Problem to work on
Starting with the first line of the listing, quote each line exactly until and including the one with "Forest rangers on", leaving pictures out.

-- Provided records follows --

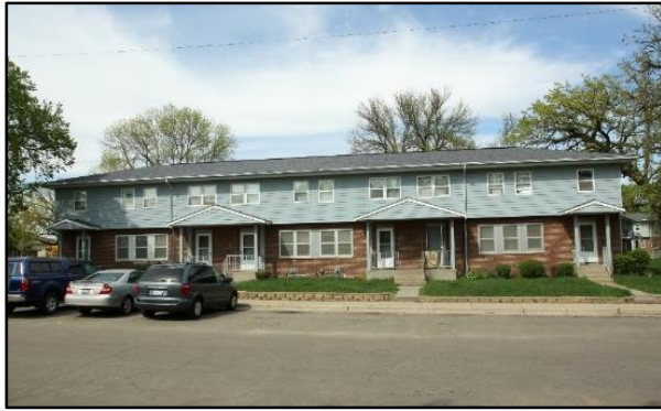
2801-2811 Saint Mary's Place, Type C, view northeast.
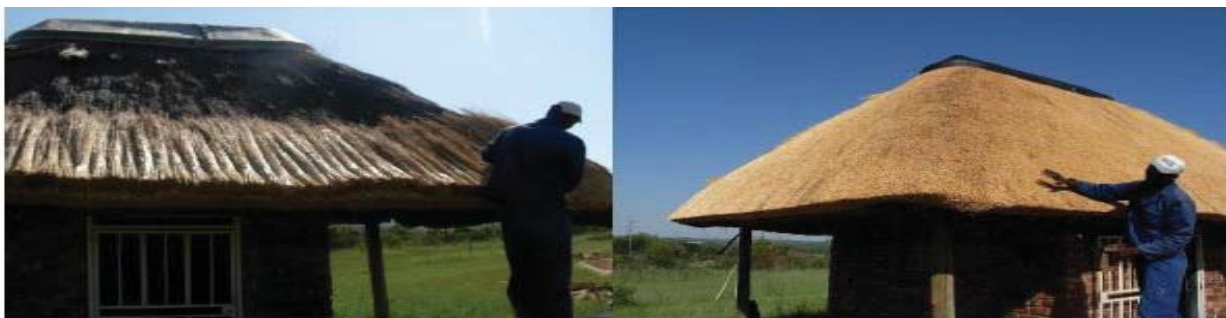
Rethatching of the Lapa at Roodeplaat Youth Centre
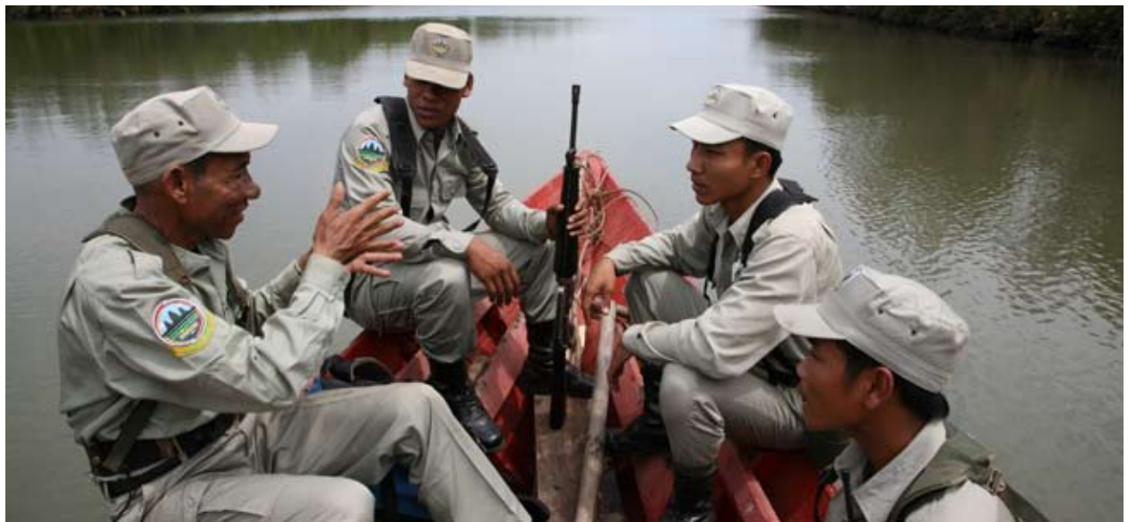
Forest rangers on patrol in Cambodia, S. Griffiths 2008.

reduce greenhouse gas emissions simultaneously through improving land use and forest management, developing biofuels, improving urban sanitation, decreasing air pollution, and improving water management. In the short-term, ADB will mobilize investments to address climate change concerns in water supply and sanitation in all of its Southeast Asian member countries. It will enhance investments in specific land and marine resource management projects in Indonesia and the Philippines to protect forests, fisheries, and coral reefs to address both mitigation and adaptation. In Viet Nam, ADB will invest in air pollution reduction initiatives which will have co-benefits for climate and health. ADB will also work with other donor partners to increase investments in sustainable agriculture to decrease greenhouse gas emissions from farming, while increasing livelihood security.
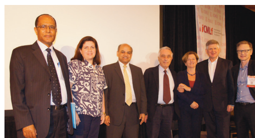
Speakers at the 2014 iCMLf Forum.

Information about CML is continually evolving. New data, guidelines, scientific publications and expert opinions are constantly available. Sharing this up to date knowledge within the international CML community is key to translating it into clinical best practice in all parts of the world. The annual iCMLf Forum for Physicians from Emerging Regions is a unique opportunity for clinicians to meet with CML experts from the iCMLf and discuss the specific challenges faced treating CML in these regions. Page 2 outlines the discussion topics at the iCMLf Forum in December 2014. The iCMLf website, www.cml-foundation.org is also a good knowledge source for up to date expert opinions and presentations through the virtual education platform. The latest topics include 'When front line TKI therapy fails' and 'Mechanisms of resistance to TKI therapy'.

-- Provided records concluded --

Output
2801-2811 Saint Mary's Place, Type C, view northeast.
Rethatching of the Lapa at Roodeplaat Youth Centre
Forest rangers on patrol in Cambodia, S. Griffiths 2008.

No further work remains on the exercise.